DATA EXCERPTS below:

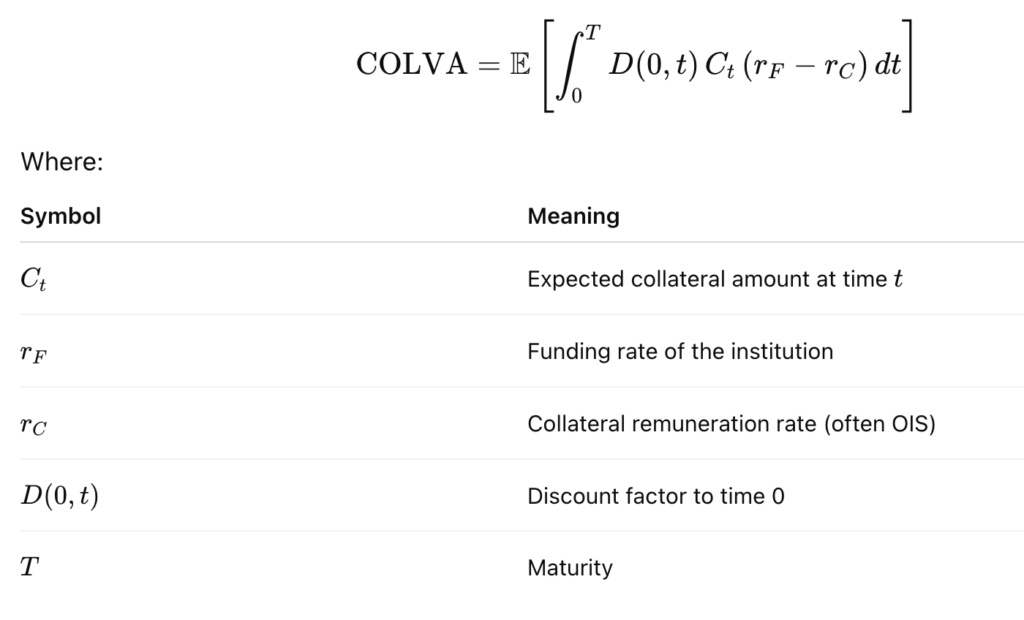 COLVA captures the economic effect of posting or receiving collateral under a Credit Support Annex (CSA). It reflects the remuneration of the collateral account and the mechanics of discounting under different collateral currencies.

End of DATA EXCERPTS.
DATA EXCERPTS below:

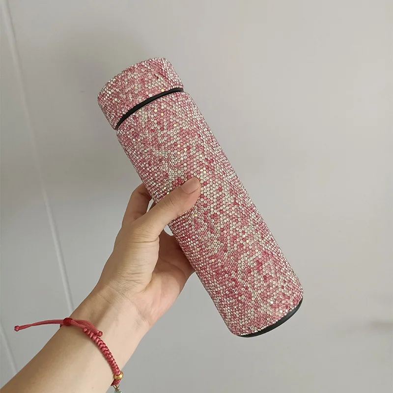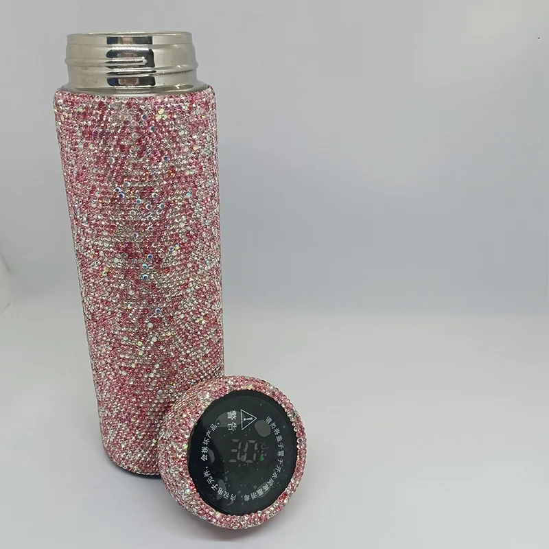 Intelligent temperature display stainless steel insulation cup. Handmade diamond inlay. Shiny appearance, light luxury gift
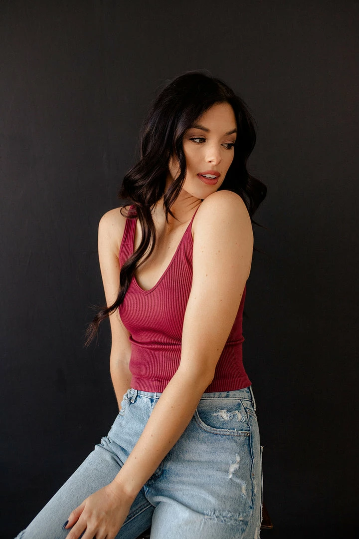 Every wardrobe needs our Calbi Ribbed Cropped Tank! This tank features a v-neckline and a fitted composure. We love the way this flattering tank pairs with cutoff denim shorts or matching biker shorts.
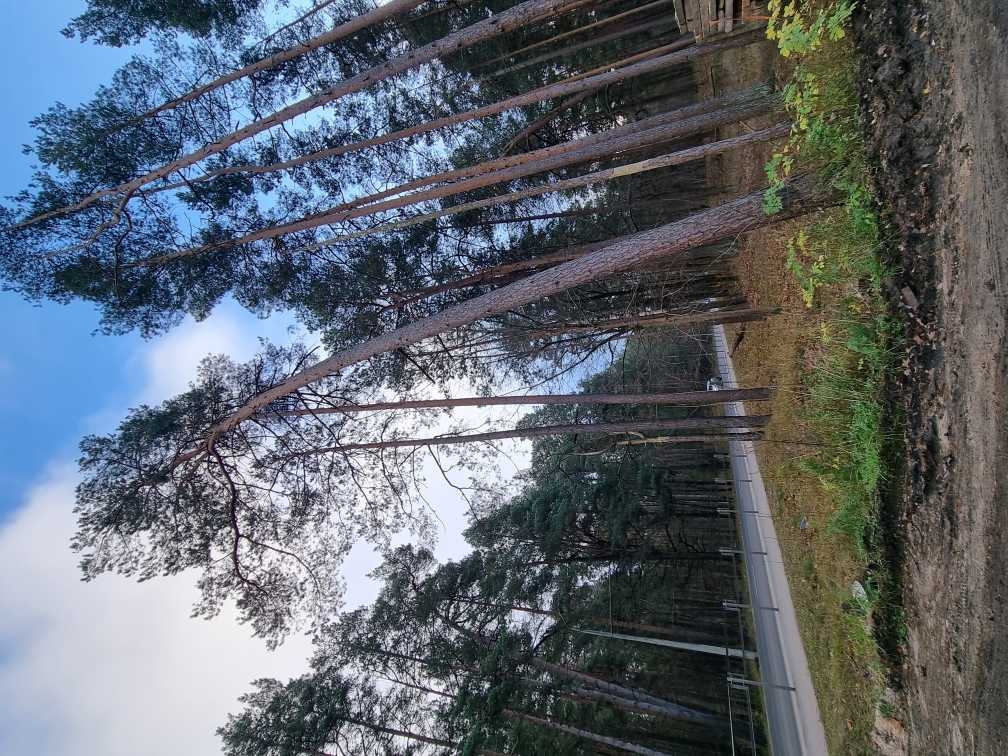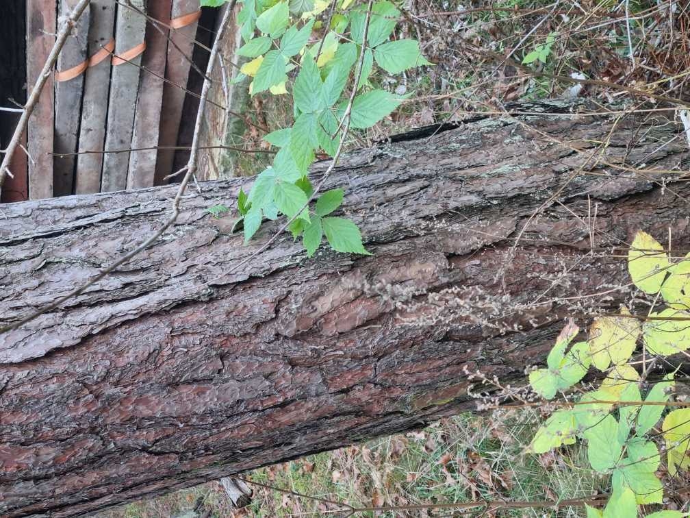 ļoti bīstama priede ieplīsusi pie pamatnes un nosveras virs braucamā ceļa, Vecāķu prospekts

End of DATA EXCERPTS.
DATA EXCERPTS below:

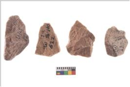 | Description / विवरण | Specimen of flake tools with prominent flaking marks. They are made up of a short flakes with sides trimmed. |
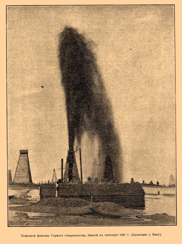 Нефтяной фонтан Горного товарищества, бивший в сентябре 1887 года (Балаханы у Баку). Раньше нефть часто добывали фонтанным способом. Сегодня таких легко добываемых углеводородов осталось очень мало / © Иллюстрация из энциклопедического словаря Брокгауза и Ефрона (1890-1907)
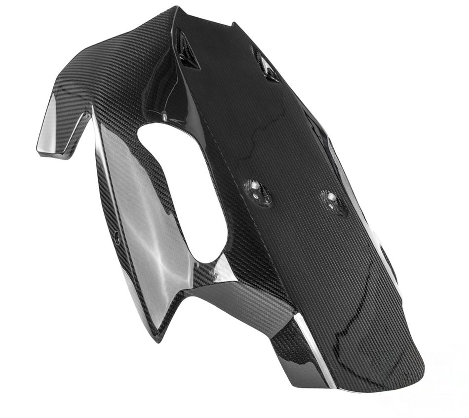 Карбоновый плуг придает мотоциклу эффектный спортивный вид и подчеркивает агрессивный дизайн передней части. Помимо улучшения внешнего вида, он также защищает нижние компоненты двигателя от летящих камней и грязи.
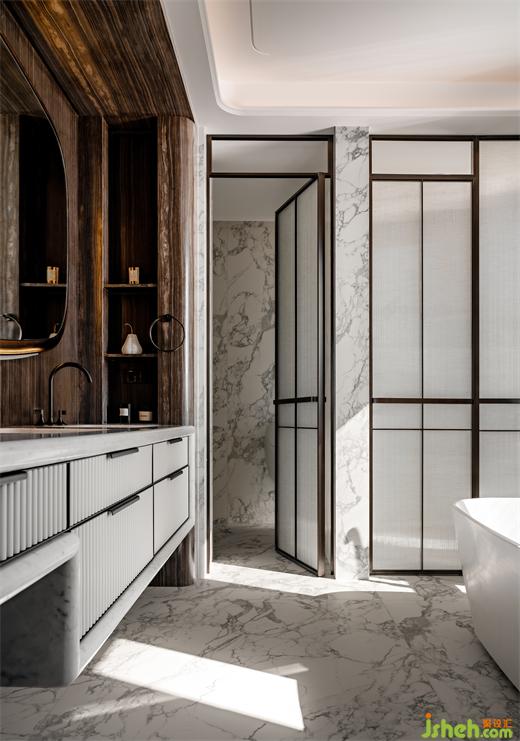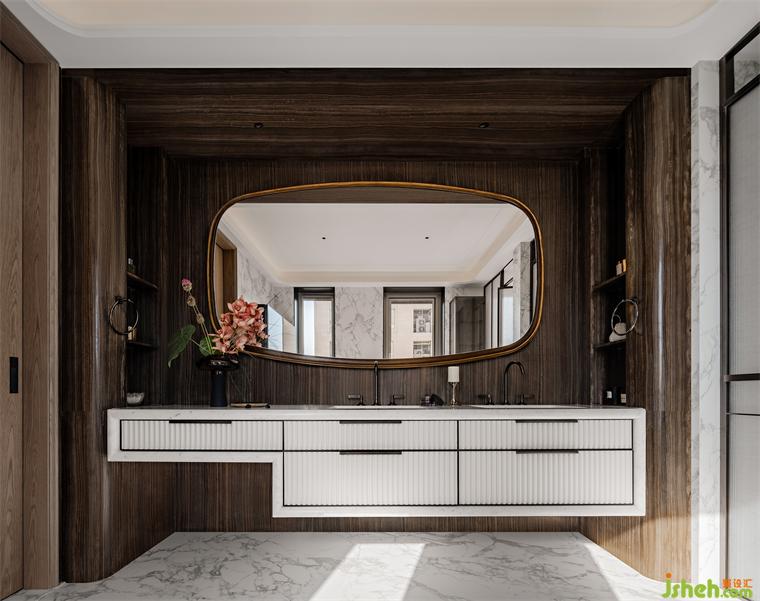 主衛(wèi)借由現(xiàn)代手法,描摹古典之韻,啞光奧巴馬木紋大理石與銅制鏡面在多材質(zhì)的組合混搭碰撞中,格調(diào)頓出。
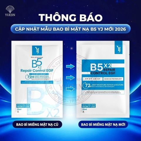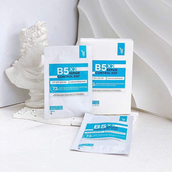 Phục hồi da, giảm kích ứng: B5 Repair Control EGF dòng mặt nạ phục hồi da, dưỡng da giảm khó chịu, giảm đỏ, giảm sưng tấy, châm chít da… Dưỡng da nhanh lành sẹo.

End of DATA EXCERPTS.

*EXERCISE OBJECTIVE*
Every line from the one with "主衛(wèi)借由現(xià" through the one with "Phục hồi da, giảm" is to be reproduced exactly as written above, and the pictures are to be dropped.

*RESULT*
 主衛(wèi)借由現(xiàn)代手法,描摹古典之韻,啞光奧巴馬木紋大理石與銅制鏡面在多材質(zhì)的組合混搭碰撞中,格調(diào)頓出。
 Phục hồi da, giảm kích ứng: B5 Repair Control EGF dòng mặt nạ phục hồi da, dưỡng da giảm khó chịu, giảm đỏ, giảm sưng tấy, châm chít da… Dưỡng da nhanh lành sẹo.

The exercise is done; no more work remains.